**Activity:** So long as no pictures are carried over, output the records below exactly.

**Records shown:**
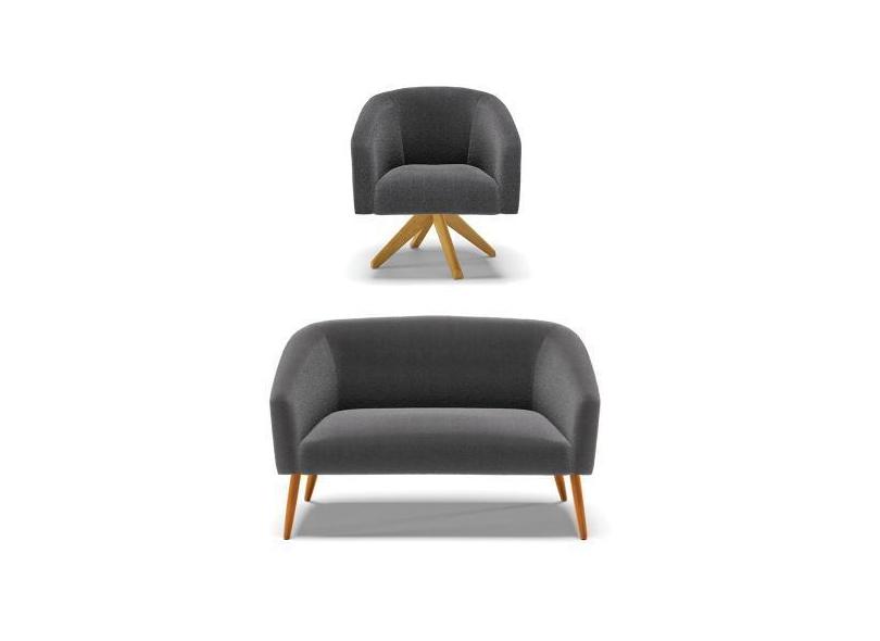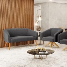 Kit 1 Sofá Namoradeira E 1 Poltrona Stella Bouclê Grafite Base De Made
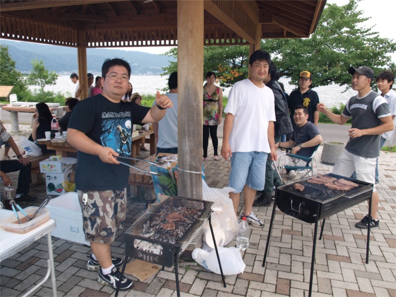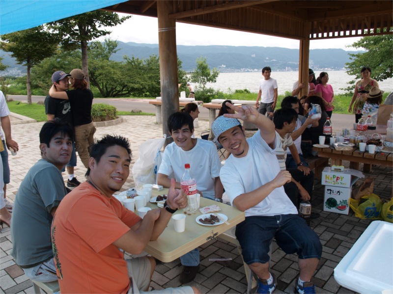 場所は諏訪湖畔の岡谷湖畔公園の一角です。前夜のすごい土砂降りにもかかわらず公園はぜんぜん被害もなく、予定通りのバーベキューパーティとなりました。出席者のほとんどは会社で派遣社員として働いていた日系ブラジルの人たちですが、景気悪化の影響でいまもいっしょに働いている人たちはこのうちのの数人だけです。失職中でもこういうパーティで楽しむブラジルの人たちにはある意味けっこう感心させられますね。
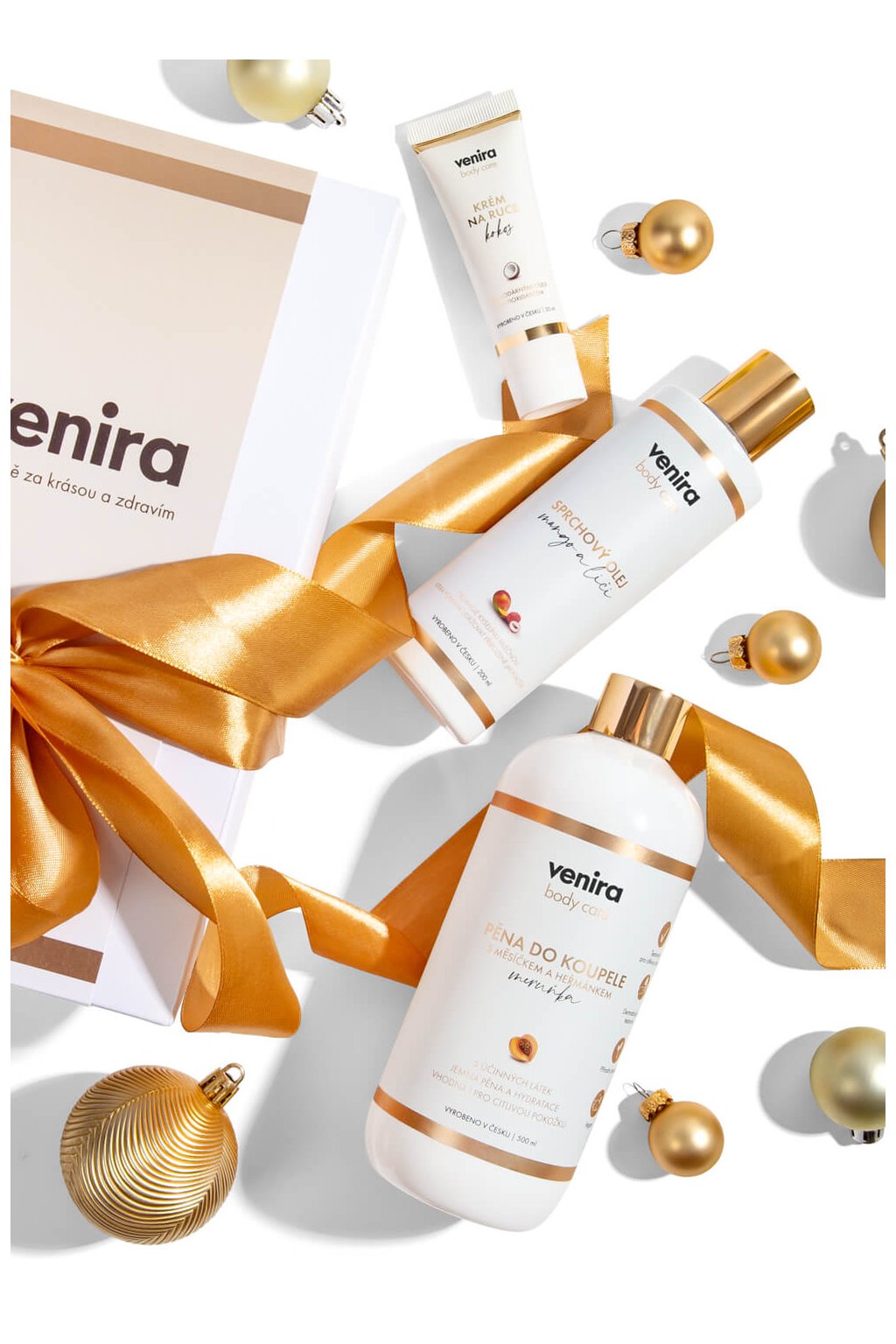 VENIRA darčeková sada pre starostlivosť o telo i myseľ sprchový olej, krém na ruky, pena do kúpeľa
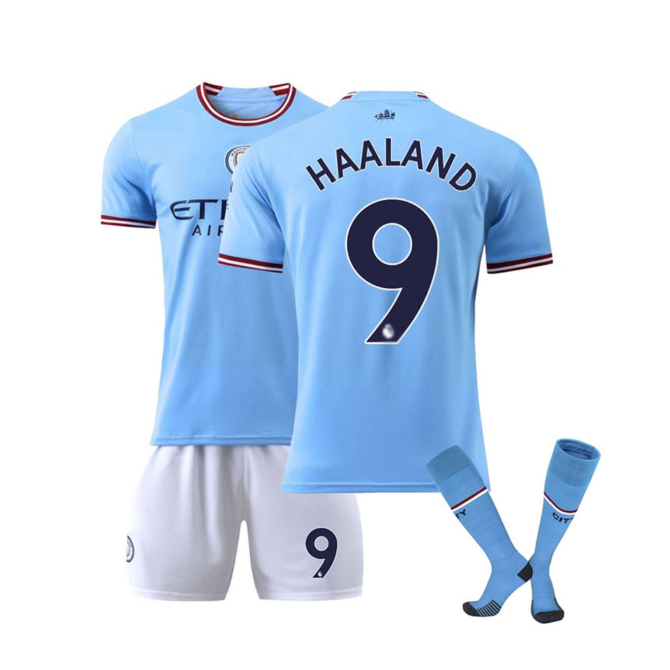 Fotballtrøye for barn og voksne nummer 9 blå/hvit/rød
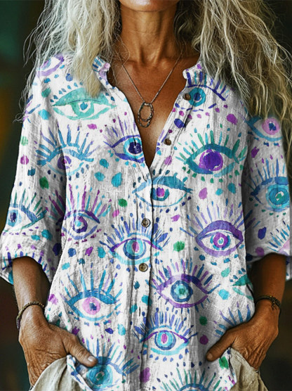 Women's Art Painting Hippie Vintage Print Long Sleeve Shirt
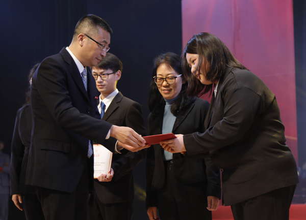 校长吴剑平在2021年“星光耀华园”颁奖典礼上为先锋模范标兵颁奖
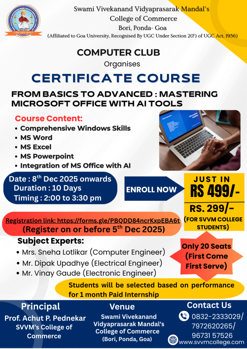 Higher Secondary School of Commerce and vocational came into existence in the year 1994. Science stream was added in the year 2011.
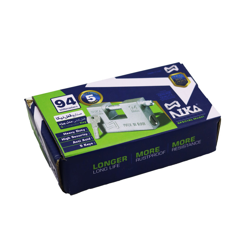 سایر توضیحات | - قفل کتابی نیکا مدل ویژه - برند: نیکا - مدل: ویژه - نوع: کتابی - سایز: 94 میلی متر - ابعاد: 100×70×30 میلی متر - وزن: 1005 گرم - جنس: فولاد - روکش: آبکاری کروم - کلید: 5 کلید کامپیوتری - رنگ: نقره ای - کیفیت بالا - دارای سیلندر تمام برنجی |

**Result for this exercise:**
 Kit 1 Sofá Namoradeira E 1 Poltrona Stella Bouclê Grafite Base De Made
 場所は諏訪湖畔の岡谷湖畔公園の一角です。前夜のすごい土砂降りにもかかわらず公園はぜんぜん被害もなく、予定通りのバーベキューパーティとなりました。出席者のほとんどは会社で派遣社員として働いていた日系ブラジルの人たちですが、景気悪化の影響でいまもいっしょに働いている人たちはこのうちのの数人だけです。失職中でもこういうパーティで楽しむブラジルの人たちにはある意味けっこう感心させられますね。
 VENIRA darčeková sada pre starostlivosť o telo i myseľ sprchový olej, krém na ruky, pena do kúpeľa
 Fotballtrøye for barn og voksne nummer 9 blå/hvit/rød
 Women's Art Painting Hippie Vintage Print Long Sleeve Shirt
 校长吴剑平在2021年“星光耀华园”颁奖典礼上为先锋模范标兵颁奖
 Higher Secondary School of Commerce and vocational came into existence in the year 1994. Science stream was added in the year 2011.
 سایر توضیحات | - قفل کتابی نیکا مدل ویژه - برند: نیکا - مدل: ویژه - نوع: کتابی - سایز: 94 میلی متر - ابعاد: 100×70×30 میلی متر - وزن: 1005 گرم - جنس: فولاد - روکش: آبکاری کروم - کلید: 5 کلید کامپیوتری - رنگ: نقره ای - کیفیت بالا - دارای سیلندر تمام برنجی |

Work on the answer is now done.